■ Excerpts from a dataset
>>
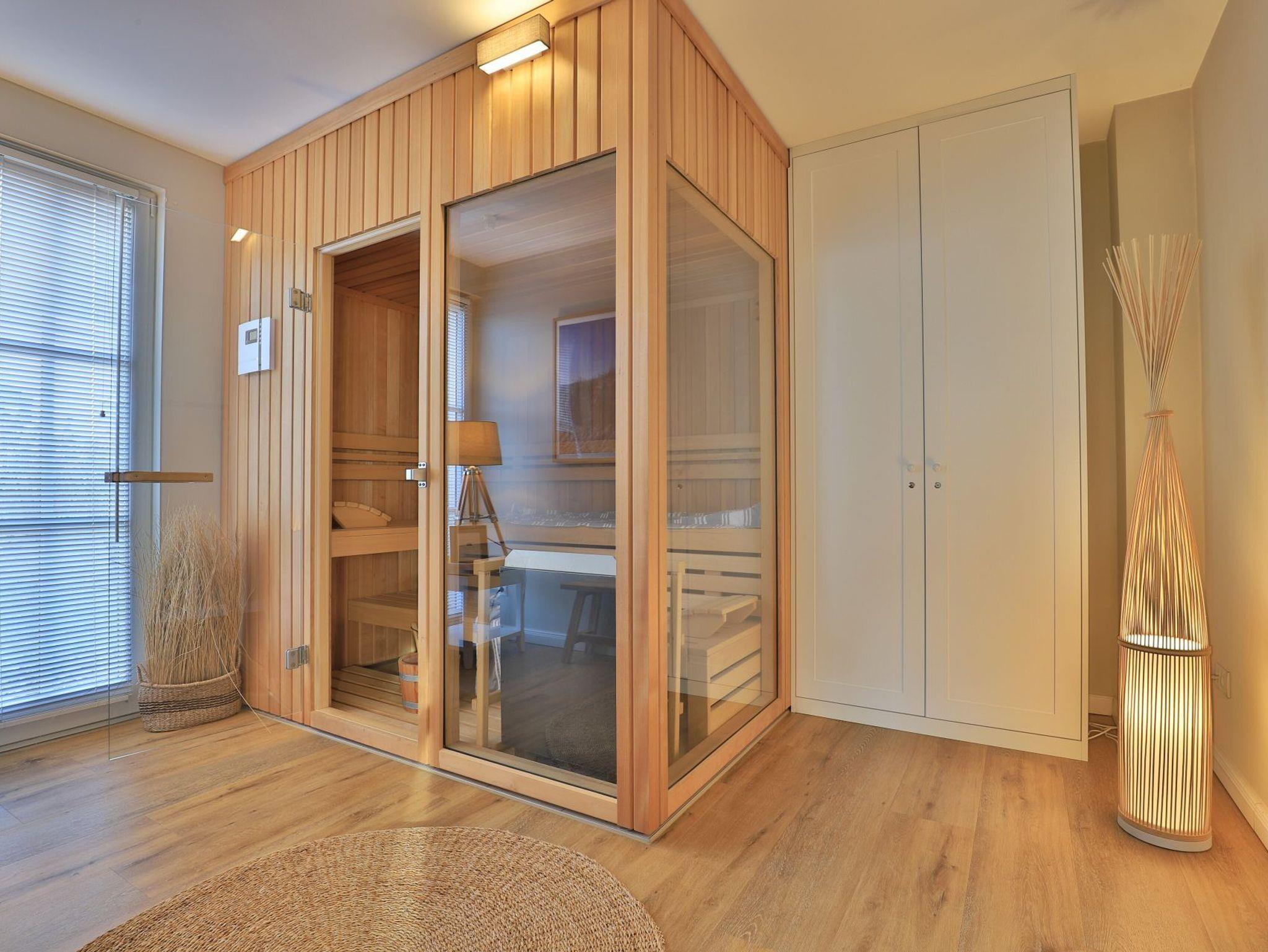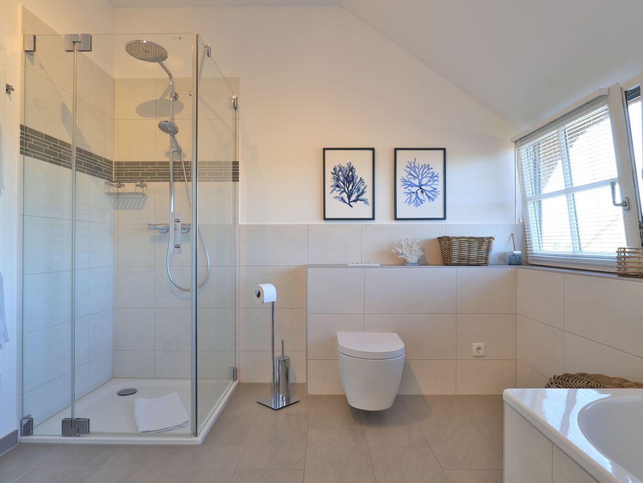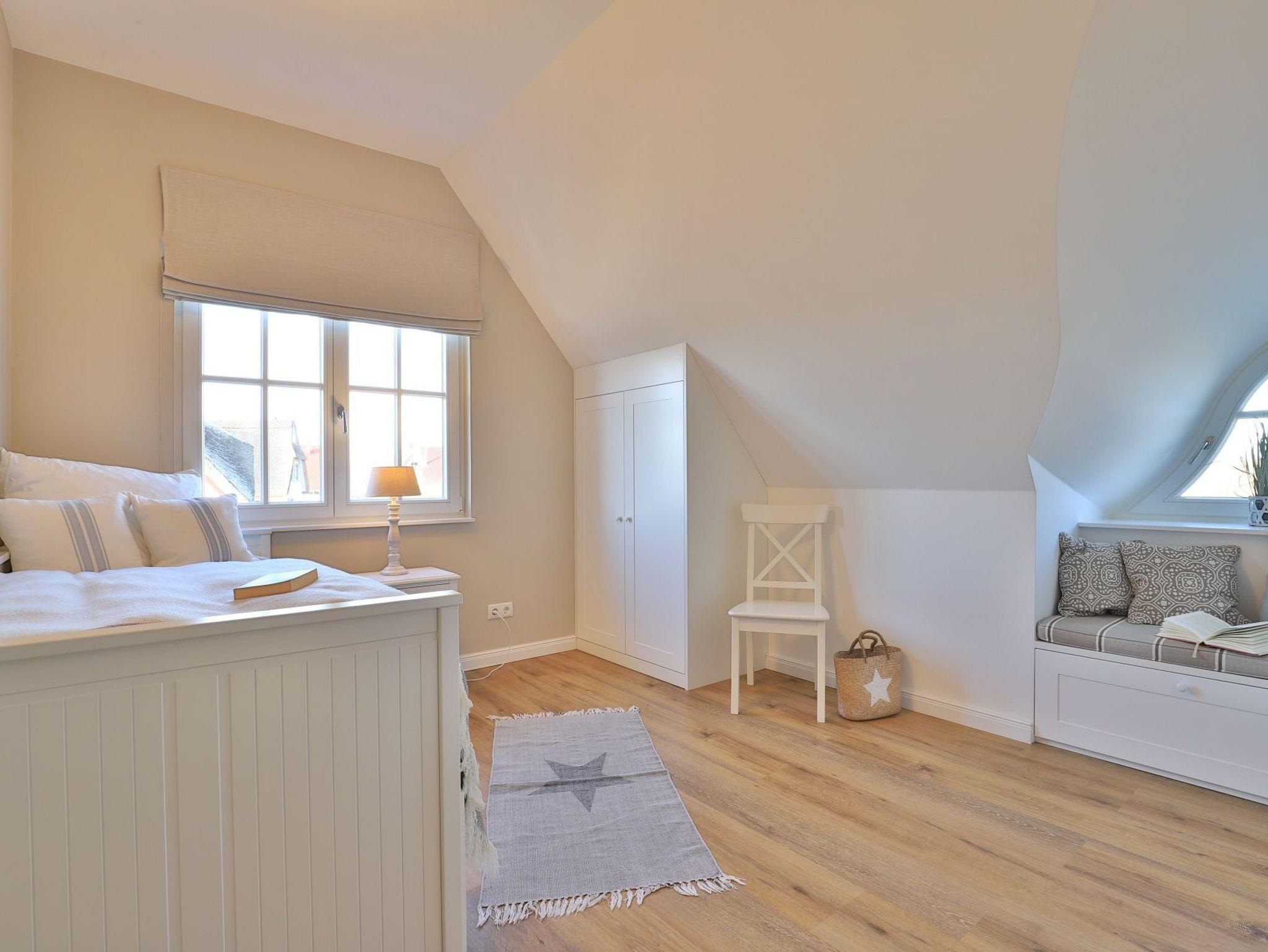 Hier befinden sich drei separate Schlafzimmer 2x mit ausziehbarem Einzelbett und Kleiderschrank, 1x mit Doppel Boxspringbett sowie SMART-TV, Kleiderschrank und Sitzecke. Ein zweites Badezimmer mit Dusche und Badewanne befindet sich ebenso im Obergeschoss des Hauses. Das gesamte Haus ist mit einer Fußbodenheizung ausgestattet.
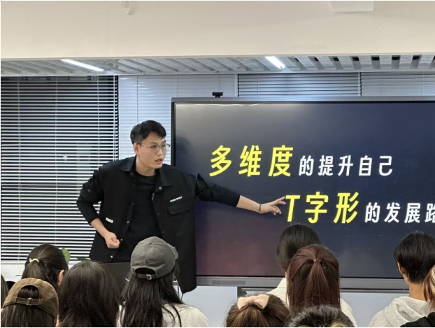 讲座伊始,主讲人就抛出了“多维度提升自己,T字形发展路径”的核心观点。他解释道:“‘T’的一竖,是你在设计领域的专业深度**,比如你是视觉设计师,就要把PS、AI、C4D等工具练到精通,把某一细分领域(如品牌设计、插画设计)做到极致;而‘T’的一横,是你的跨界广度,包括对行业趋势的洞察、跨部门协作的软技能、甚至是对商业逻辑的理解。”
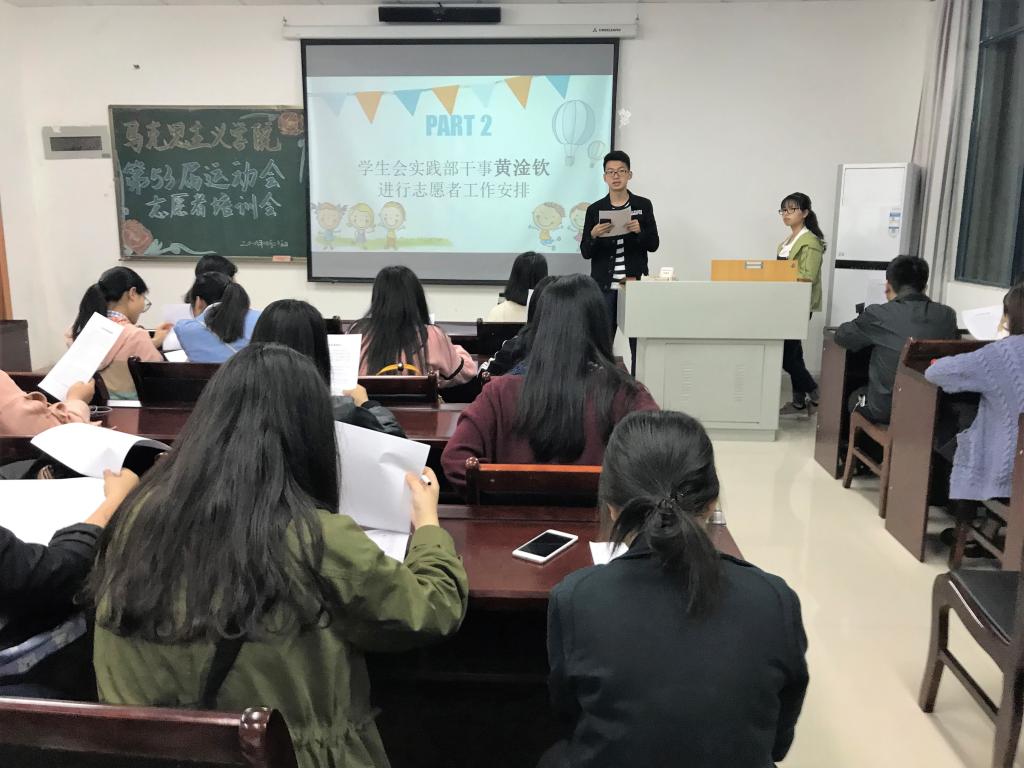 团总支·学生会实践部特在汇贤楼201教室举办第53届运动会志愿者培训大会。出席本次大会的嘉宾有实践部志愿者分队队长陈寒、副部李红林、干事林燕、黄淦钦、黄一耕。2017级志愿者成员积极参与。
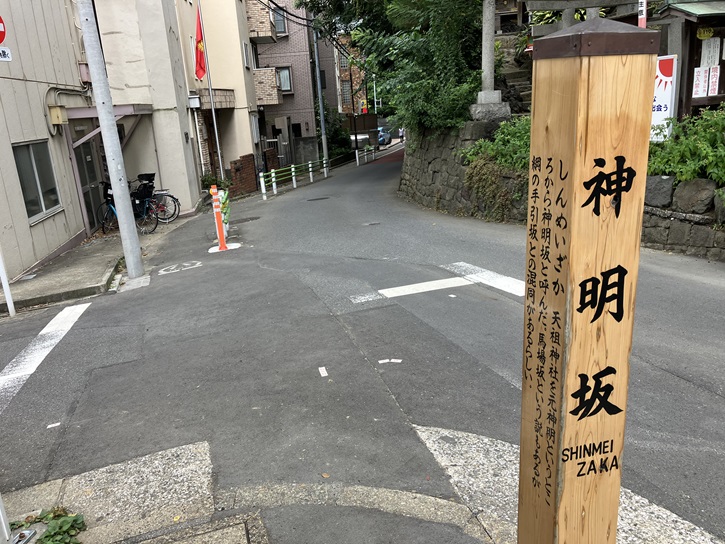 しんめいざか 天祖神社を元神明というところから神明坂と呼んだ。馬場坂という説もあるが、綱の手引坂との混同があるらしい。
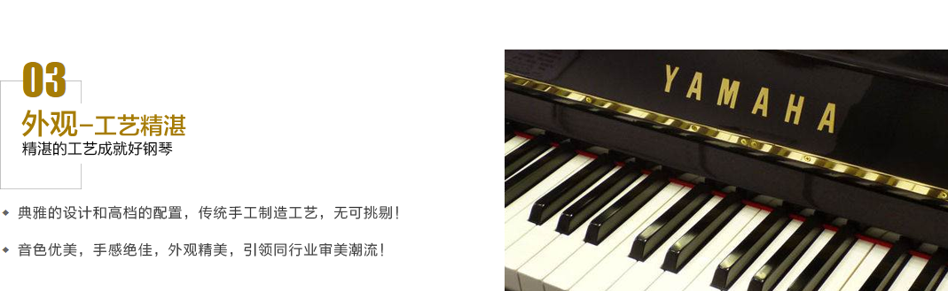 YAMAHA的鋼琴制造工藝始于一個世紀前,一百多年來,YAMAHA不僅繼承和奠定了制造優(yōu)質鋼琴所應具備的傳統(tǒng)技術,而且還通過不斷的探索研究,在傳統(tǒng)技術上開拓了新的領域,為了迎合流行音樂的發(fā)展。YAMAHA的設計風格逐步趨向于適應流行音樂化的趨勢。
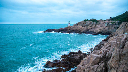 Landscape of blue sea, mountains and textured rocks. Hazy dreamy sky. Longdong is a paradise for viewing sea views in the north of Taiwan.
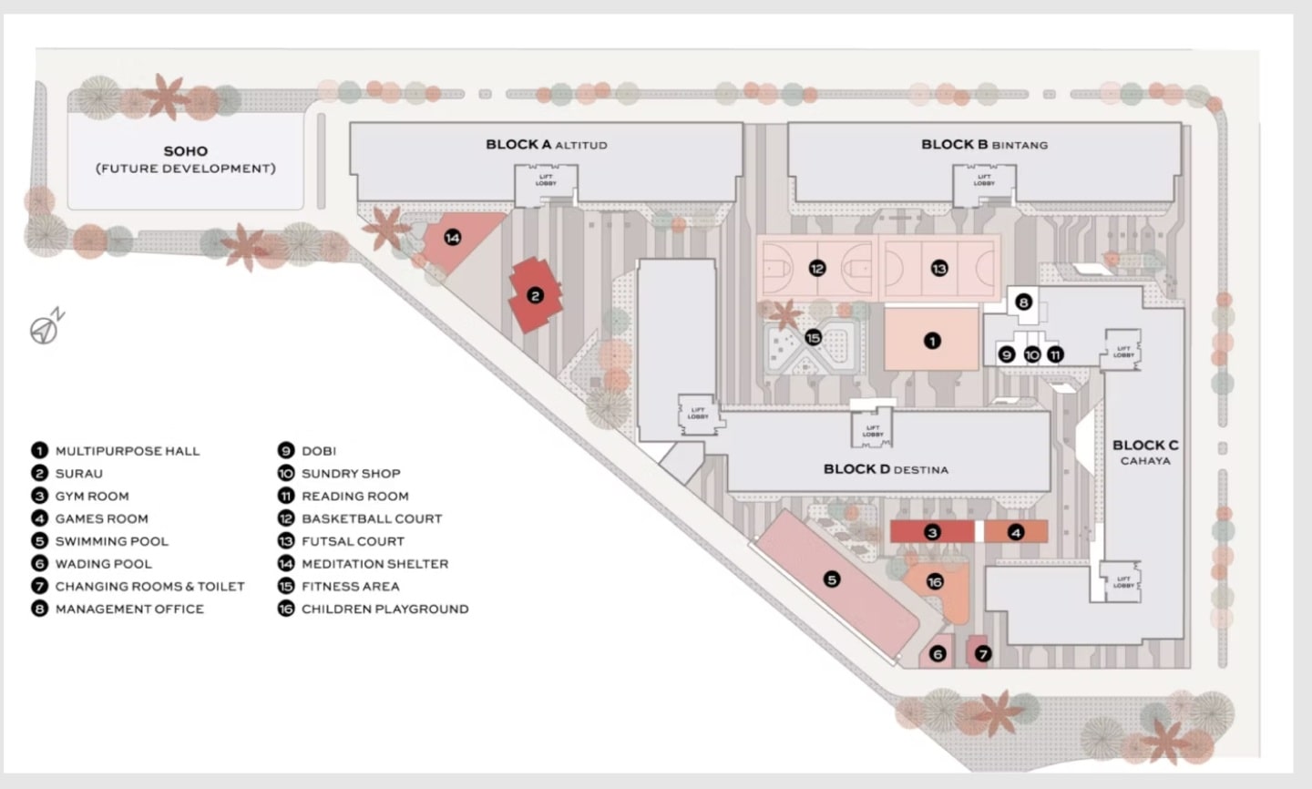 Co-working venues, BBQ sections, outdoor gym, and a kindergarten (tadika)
<<
■ The problem
Reproduce only the lines from the line with "しんめいざか 天祖神社を元神" to the end of the entries. Keep both ends, copy them exactly, and omit every picture.

■ Written reply
 しんめいざか 天祖神社を元神明というところから神明坂と呼んだ。馬場坂という説もあるが、綱の手引坂との混同があるらしい。
 YAMAHA的鋼琴制造工藝始于一個世紀前,一百多年來,YAMAHA不僅繼承和奠定了制造優(yōu)質鋼琴所應具備的傳統(tǒng)技術,而且還通過不斷的探索研究,在傳統(tǒng)技術上開拓了新的領域,為了迎合流行音樂的發(fā)展。YAMAHA的設計風格逐步趨向于適應流行音樂化的趨勢。
 Landscape of blue sea, mountains and textured rocks. Hazy dreamy sky. Longdong is a paradise for viewing sea views in the north of Taiwan.
 Co-working venues, BBQ sections, outdoor gym, and a kindergarten (tadika)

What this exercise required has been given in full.